(INFORMATION SHOWN):
● ● ● ● ● ● ●
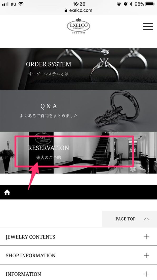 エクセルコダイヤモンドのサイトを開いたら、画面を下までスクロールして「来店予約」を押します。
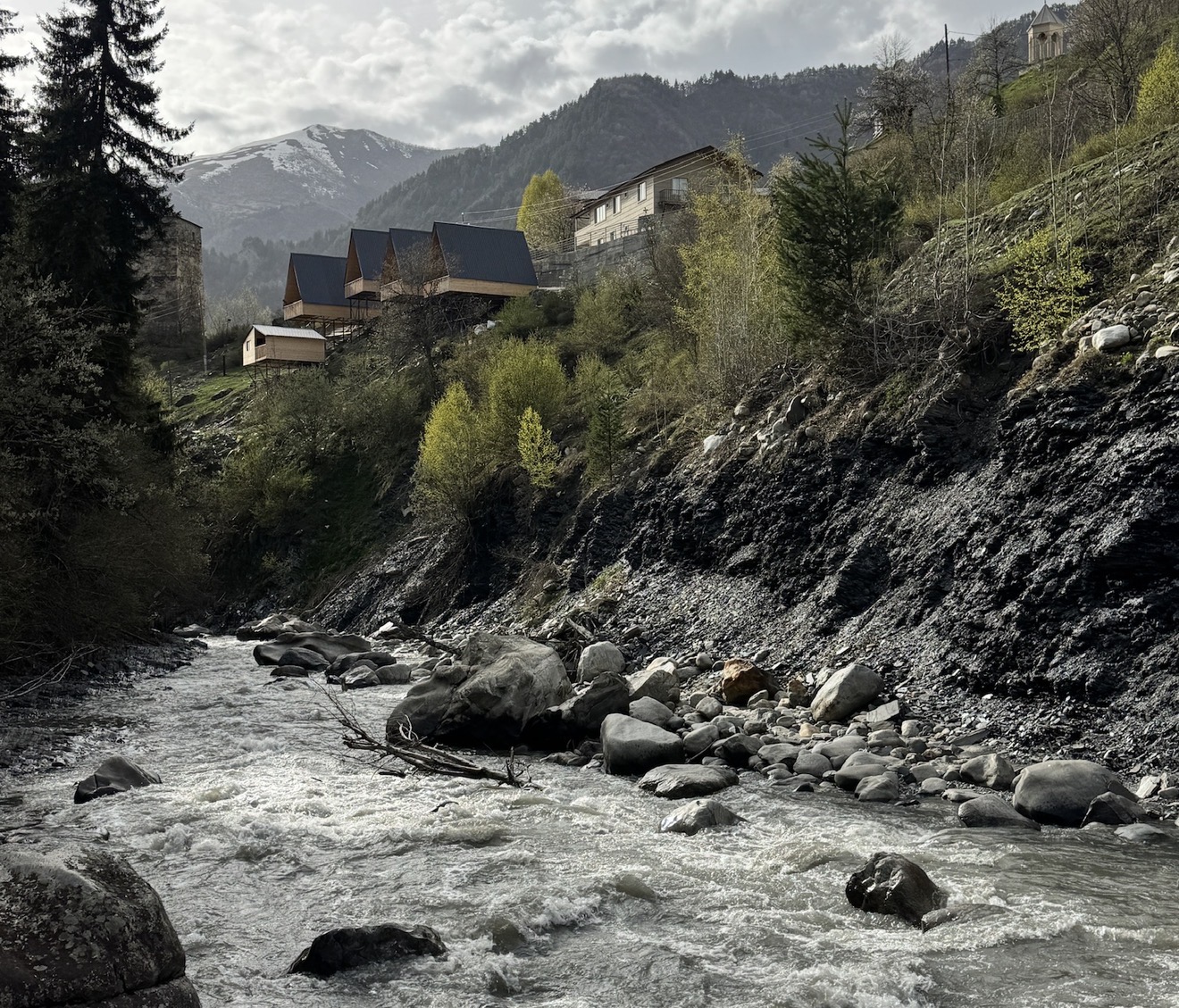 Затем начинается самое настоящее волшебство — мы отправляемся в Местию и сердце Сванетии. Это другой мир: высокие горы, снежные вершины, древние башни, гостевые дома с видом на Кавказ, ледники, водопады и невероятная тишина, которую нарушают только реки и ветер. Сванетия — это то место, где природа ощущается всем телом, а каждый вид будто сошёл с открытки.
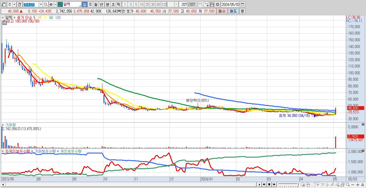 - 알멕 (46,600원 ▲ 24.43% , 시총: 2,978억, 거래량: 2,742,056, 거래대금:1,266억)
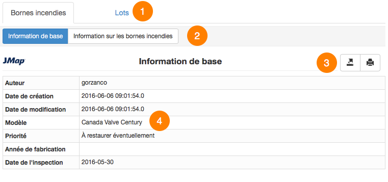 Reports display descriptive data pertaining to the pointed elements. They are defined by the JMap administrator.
● ● ● ● ● ● ●
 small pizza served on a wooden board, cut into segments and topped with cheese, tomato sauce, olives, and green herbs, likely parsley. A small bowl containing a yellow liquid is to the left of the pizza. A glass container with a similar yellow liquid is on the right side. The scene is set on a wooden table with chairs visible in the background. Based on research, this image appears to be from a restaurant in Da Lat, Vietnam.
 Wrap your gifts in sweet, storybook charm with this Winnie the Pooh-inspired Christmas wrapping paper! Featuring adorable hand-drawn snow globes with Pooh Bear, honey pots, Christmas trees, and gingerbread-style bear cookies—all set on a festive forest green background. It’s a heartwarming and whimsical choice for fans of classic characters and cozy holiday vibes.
● ● ● ● ● ● ●
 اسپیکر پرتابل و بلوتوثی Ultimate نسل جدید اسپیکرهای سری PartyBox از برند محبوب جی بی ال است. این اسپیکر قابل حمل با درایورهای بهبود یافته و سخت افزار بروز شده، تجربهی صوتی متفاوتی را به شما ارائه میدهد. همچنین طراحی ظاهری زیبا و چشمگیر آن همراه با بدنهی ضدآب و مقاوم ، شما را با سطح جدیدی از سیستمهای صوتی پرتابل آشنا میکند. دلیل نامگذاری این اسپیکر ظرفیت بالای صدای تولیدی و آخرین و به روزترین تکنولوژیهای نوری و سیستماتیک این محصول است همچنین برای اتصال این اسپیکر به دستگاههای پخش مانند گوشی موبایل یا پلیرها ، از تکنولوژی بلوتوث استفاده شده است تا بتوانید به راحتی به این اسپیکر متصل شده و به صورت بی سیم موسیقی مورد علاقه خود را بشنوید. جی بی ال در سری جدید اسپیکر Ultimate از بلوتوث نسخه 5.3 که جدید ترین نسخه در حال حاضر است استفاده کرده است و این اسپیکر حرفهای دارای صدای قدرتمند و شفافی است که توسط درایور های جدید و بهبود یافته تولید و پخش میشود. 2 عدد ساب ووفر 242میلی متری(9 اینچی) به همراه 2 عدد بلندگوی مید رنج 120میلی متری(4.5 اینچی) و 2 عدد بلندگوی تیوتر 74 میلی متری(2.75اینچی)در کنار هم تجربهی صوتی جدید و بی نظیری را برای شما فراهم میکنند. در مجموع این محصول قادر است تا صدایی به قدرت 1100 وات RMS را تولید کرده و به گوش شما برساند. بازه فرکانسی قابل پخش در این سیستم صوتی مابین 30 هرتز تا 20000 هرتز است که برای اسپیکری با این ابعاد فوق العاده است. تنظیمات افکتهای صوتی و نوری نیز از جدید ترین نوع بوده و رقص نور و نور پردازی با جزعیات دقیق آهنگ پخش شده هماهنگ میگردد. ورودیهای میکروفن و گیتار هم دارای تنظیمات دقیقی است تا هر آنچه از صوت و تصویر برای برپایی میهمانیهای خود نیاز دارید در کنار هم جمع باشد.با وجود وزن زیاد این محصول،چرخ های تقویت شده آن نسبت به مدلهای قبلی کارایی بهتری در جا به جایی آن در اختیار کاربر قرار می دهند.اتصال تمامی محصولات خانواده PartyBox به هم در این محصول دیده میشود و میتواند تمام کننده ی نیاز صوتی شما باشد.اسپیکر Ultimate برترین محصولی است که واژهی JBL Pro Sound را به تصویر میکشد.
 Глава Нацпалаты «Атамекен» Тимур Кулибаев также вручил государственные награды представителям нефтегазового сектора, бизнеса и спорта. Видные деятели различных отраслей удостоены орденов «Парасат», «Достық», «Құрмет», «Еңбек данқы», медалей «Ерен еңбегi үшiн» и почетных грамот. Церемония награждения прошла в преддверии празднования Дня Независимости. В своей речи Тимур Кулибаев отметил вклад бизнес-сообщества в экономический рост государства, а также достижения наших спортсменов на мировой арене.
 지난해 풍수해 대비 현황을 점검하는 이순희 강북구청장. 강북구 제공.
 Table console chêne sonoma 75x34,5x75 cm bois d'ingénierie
● ● ● ● ● ● ●
(ACTIVITY):
Within the listing above, give again exactly every line from the line with "small pizza served" through the line with "Wrap your gifts", both included, and no other line.

(RESULT OF THIS TASK):
 small pizza served on a wooden board, cut into segments and topped with cheese, tomato sauce, olives, and green herbs, likely parsley. A small bowl containing a yellow liquid is to the left of the pizza. A glass container with a similar yellow liquid is on the right side. The scene is set on a wooden table with chairs visible in the background. Based on research, this image appears to be from a restaurant in Da Lat, Vietnam.
 Wrap your gifts in sweet, storybook charm with this Winnie the Pooh-inspired Christmas wrapping paper! Featuring adorable hand-drawn snow globes with Pooh Bear, honey pots, Christmas trees, and gingerbread-style bear cookies—all set on a festive forest green background. It’s a heartwarming and whimsical choice for fans of classic characters and cozy holiday vibes.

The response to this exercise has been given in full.